DLP in MWG consists from 2 filters:
- DLP using predefined set of DLP classifications
- DLP using user-defined set of words & patterns (regexes)
Each filters is controlled by corresponding Settings, so before use, you need to go to Settings tab, and create new settings (both settings have common options described below):
- To use DLP classifications, you need to create corresponding Settings, and select needed DLP Classifications from tree view
- To use DLP dictionaries, you need to create corresponding Settings, and enter several words or patterns that you want to look in text
Common options in Settings:
- Tracking policy: Maximum - DLP filter will search for all terms, even when threshold will already reached. Minimum - stop searching if threshould reached
- Reported content width - how much text around match should be shown in results. The match itself in square brackets (for example, '[ test ]'), but using text around, you can find where it's in the text
- Context list size - how much matches will be reported back. If text will contain more matches than specified - they will be counted against threshold, but won't be shown
Both DLP filters are used similar way - you need to create rule like 'DLP.Classification.BodyText.Matched equals True' or 'DLP.Dictionary.BodyText.Matched equals True' and specify which settings you want to use. When this rule will be evaluated to 'true', then you can use properties like DLP.Classification.BodyText.MatchedClassifications or DLP.Classification.BodyText.MatchedTerms to log the list of classifications and/or terms that were found in text that was extracted from current body (document, etc.). For dictionaries, there is DLP.Dictionary.BodyText.MatchedTerms property that returns information about terms that were found in your text.

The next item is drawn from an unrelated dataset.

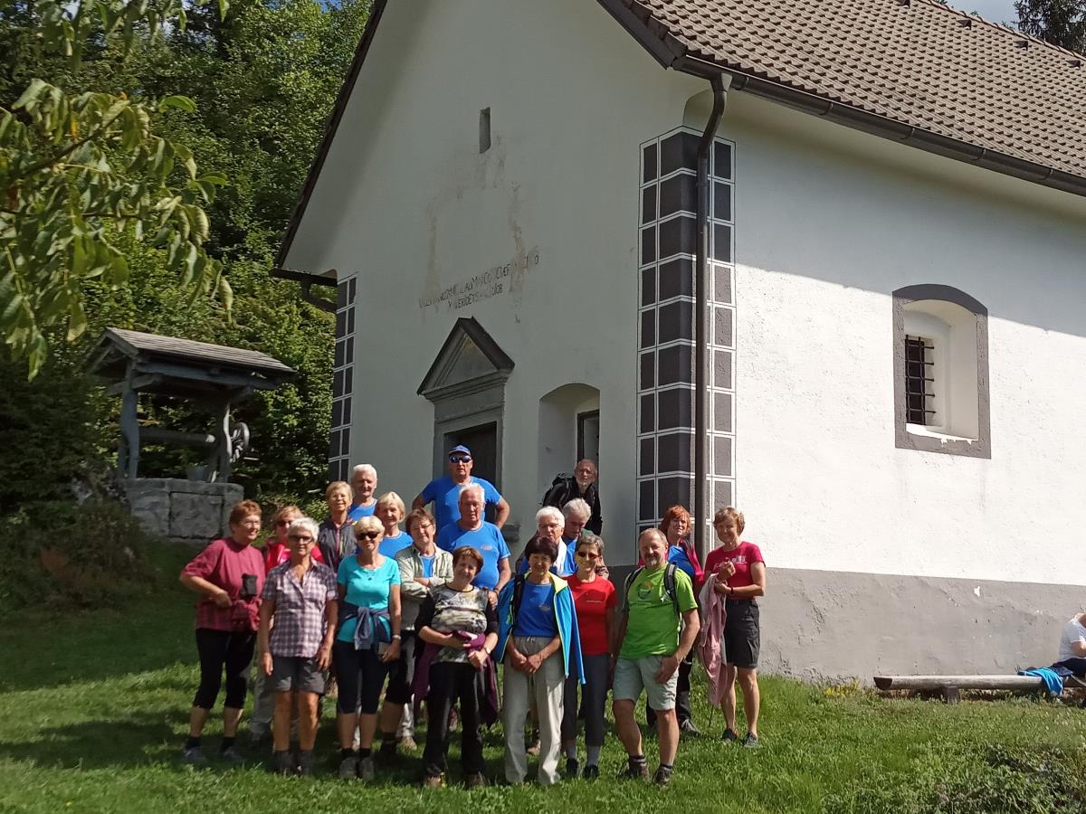 V torek, 25. 8. 2020, se nas je 22 pohodnikov pod vodstvom Janeza Planinca ob osmih zjutraj z dvema kombijema in enim osebnim avtom odpeljalo iz Preddvora proti Tuhinjski dolini. Zavili smo v vas Kostanj, od koder smo nadaljevali peš proti podružnični cerkvi sv. Miklavža na Gori na nadmorski višini 750m.

Besides DLP properties that works with text, extracted from current body (they have BodyText in their names), there is als another set of properties with 'AnyText' in the name - these properties has similar functionality, but can be used with any text, for example you can combine Body.Text with values of some headers, etc.
You can import examples of rules for DLP from MWG's Rule Library, but if you want to check only uploaded documents, then you need to disable DLP for response cycle (default rules consists from 2 rulesets - for requests & for responses).
I hope, that this will help you. If something isn't clear, I'll try to answer to your questions.
I did some tries. The attached rule works for a text, word and excel file.
But not for a PDF File.
Here an example of the pdf file properties which I try to analyze:
So do you have an idea how that could work?